We always think of Winston Churchill facing history-altering decisions at a turning point in the Second World War. In fact, Churchill had been thinking about the future of humanity in rather radical ways for years already.
In 1931, Churchill published an essay, Fifty Years Hence, in which he made predictions about what the world might look like by the 1980s. Among the more stunning: that humans would figure out how to permanently divorce meat production from animal husbandry.
“We shall escape the absurdity of growing a whole chicken in order to eat the breast or wing,” Churchill prophesied, “by growing these parts separately under a suitable medium.” Because doing so would free up land that had been used for growing crops to feed farm animals, he concluded, “parks and gardens will cover our pastures and plowed fields.”
Churchill was a few decades off, but we now have the capacity to do exactly as he foresaw: to grow real meat outside of animals’ bodies.

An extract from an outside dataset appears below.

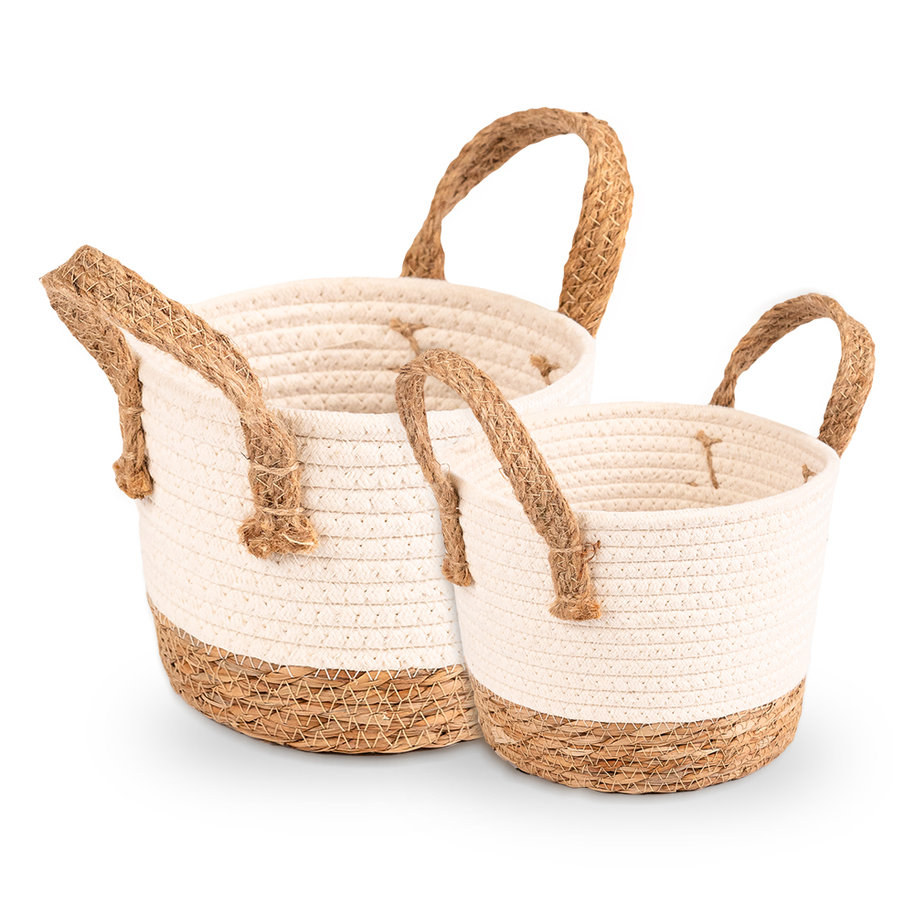 Confeccionado com a parte superior em corda de algodão trançada, o que confere um visual macio e aconchegante. A parte inferior e as alças são de fibra natural, criando um contraste visual interessante e um toque rústico. A combinação dos materiais proporciona durabilidade e um charme único.

In recent years, so-called “clean meat” — a term first popularized by the non-profit Good Food Institute as a nod to both “clean energy” and to the meat’s food safety benefits — has moved out of the realm of science fiction and become scientific fact.
The first “clean burger” debuted in 2013, thanks in part to research and development funding from Google co-founder Sergey Brin. Since 2014, I’ve had the good fortune to eat clean beef, duck, fish, chorizo, liver, and yogurt, all of it grown without animals. (Perhaps unsurprisingly, clean meat tastes like meat since, well, that’s exactly what it is.) And I’m not the only one interested.
These products are starting to get serious attention from traditional meat processors, with agribusiness giants Tyson and Cargill investing in Memphis Meats, a clean meat startup based in San Leandro.
“It’s not a threat to us, it’s an opportunity,” Sonya McCullum Roberts, president of growth ventures at Cargill, recently told Fortune magazine.
To be clear, the clean meat that Churchill envisioned, and that companies like Memphis Meats are beginning to produce, isn’t simply an alternative to meat. It’s actual animal muscle tissue, produced without the living, conscious animal.
Rather than raising chickens or pigs to slaughter and sell as cuts of meat, clean meat producers take microscopic animal cells, put them in a cultivator so they behave as they do in the body, and feed them so that they grow into muscle tissue just like the meat we eat today.
Why would we want to do as Churchill suggested and start producing real meat without animals? Well, for starters, because raising farm animals takes vast resources.
To put the problem in perspective, imagine walking through the poultry aisle of your local supermarket. For each whole chicken you see, envision more than 1,000 single-gallon jugs of water sitting next to it. Then imagine systematically, one by one, twisting the cap off each jug and pouring them all out. That’s about how much water it takes to bring a single chicken from shell to shelf.
In other words, you can save more water by skipping one family chicken dinner than by skipping six months of showers.
Growing only the meat we want won’t require all the resources needed to produce entire animals. A 2011 study by Oxford University researcher Hanna Tuomisto estimated that clean beef production could require 99 per cent less land and 96 per cent less water while producing 96 per cent fewer greenhouse gas emissions than conventional beef production.
Such early studies are admittedly imprecise, since the technologies that will make clean meat commercially viable are still under development. But most analysts believe that even large-scale production of lab-cultured meat is likely to be far more resource efficient than traditional livestock production.
Churchill’s vision of widely available synthetic meat isn’t yet a reality, but it’s likely a matter of years now, not decades.
Those who worry that Churchill’s vision of meat without animals is “unnatural” may find it helpful to recall just how unsustainable, inhumane, and unnatural contemporary meat production has become.
Clean meat probably won’t be competing for market share against meat from pasture-raised animals.
Rather, clean meat enthusiasts seek to displace the farm animals providing the vast majority of the meat we eat today: animals that never set foot outdoors, and are forced to consume large quantities of antibiotics and other drugs.
If we pause to contemplate this harsh reality, the promise of clean meat seems obvious.
Churchill had a lot on his plate when he became prime minister. Yet his predictions about the contents of our plates may have even greater relevance today, as we search for ways to reduce the harm we’re doing to the only planet we have. Clean meat may soon prove to be part of the solution.
Paul Shapiro is the author of Clean Meat: How Growing Meat Without Animals Will Revolutionize Dinner and the World. The opinions expressed here are his own.